About our Non-GAAP Financial Measures:
We believe that the presentation of our outlook using non-GAAP earnings per fully-diluted share and non-GAAP gross margin provides supplemental information that is important to understanding financial and business trends and other factors relating to our financial condition and results of operations. Non-GAAP net income, non-GAAP earnings per fully-diluted share, and non-GAAP gross margin are among the primary indicators used by management as a basis for planning and forecasting future periods, and by management and our board of directors to determine whether our operating performance has met certain targets and thresholds. Management uses non-GAAP earnings per fully-diluted share, and non-GAAP gross margin when evaluating operating performance because it believes that the exclusion of the items indicated herein, for which the amounts or timing may vary significantly depending upon our activities and other factors, facilitates comparability of our operating performance from period to period. We have chosen to provide this non-GAAP information to investors so they can analyze our operating results and outlook closer to the way that management does and use this information in their assessment of our business and the valuation of our company.
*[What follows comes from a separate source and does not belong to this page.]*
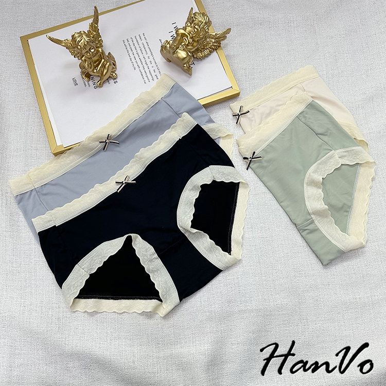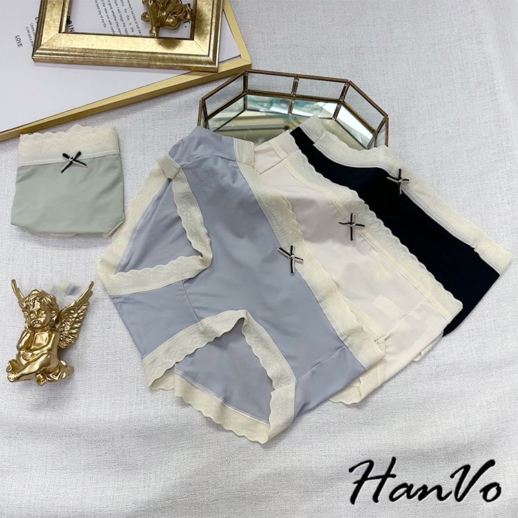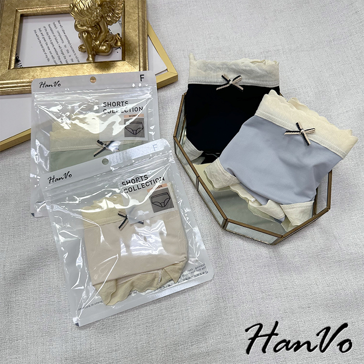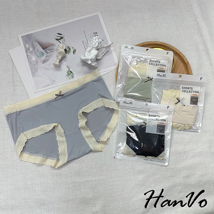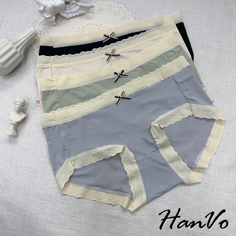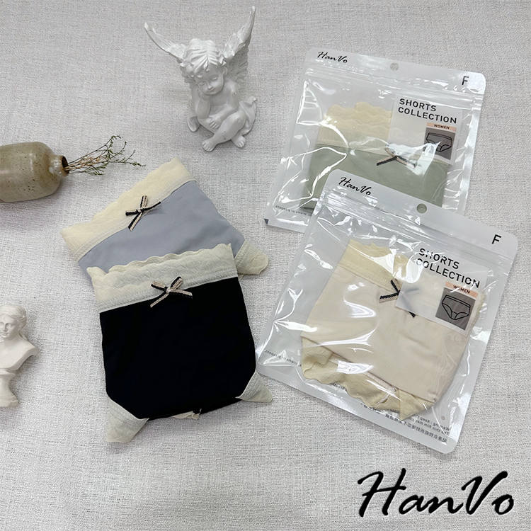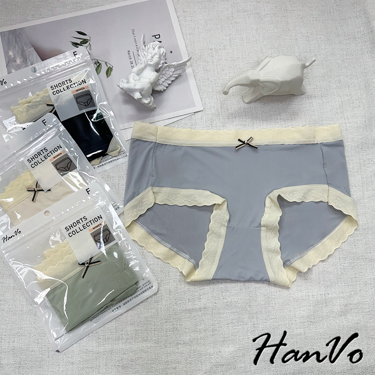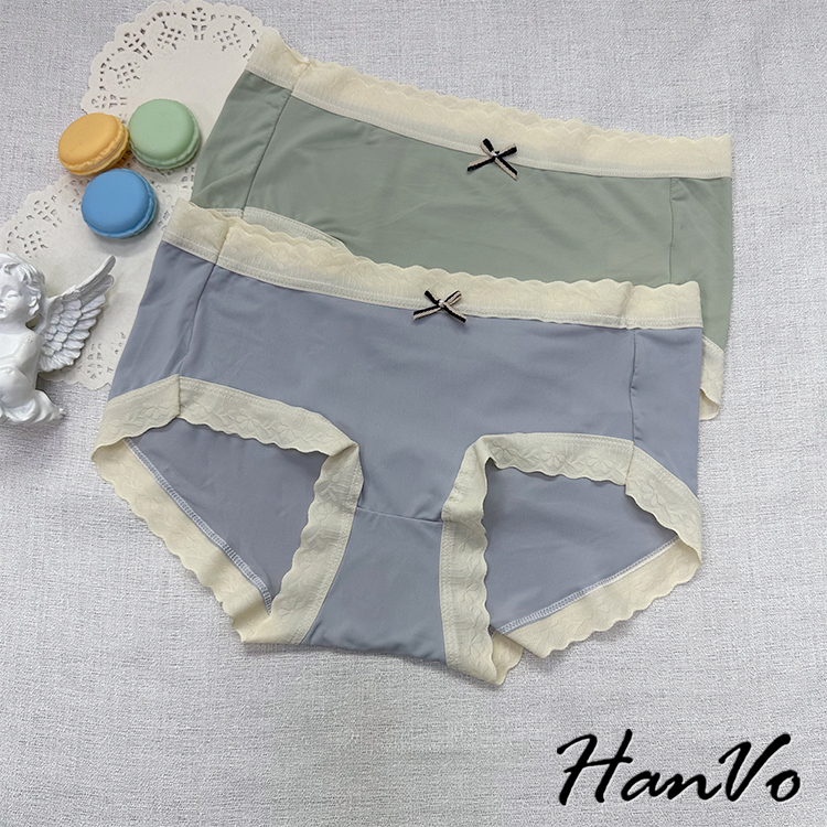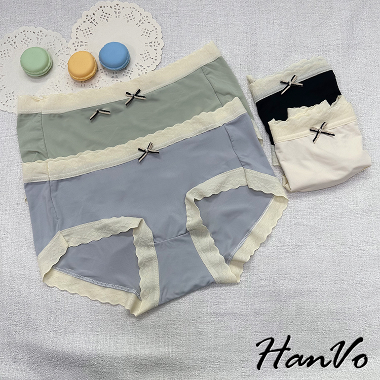 【HanVo】莫蘭迪色調涼感透氣內褲 舒適柔軟親膚冰絲三角褲 中腰 獨立包裝 流行少女內褲 內著 A11-5686米膚PantiesHanVo Wear Collection

We compute non-GAAP fully-diluted earnings per share, and non-GAAP gross margin, by adjusting GAAP earnings per fully-diluted share, and GAAP gross margin to remove the impact of certain items and the tax effect, if applicable, of those adjustments. These non-GAAP measures are not in accordance with, or an alternative to, GAAP and may be materially different from other non-GAAP measures, including similarly titled non-GAAP measures used by other companies. The presentation of this additional information should not be considered in isolation from, as a substitute for, or superior to, net income, earnings per fully-diluted share, or gross margin prepared in accordance with GAAP. Non-GAAP financial measures have limitations in that they do not reflect certain items that may have a material impact upon our reported financial results. We may expect to continue to incur expenses of a nature similar to the non-GAAP adjustments described above, and exclusion of these items from our non-GAAP earnings per fully-diluted share, and non-GAAP gross margin should not be construed as an inference that these costs are unusual, infrequent or non-recurring.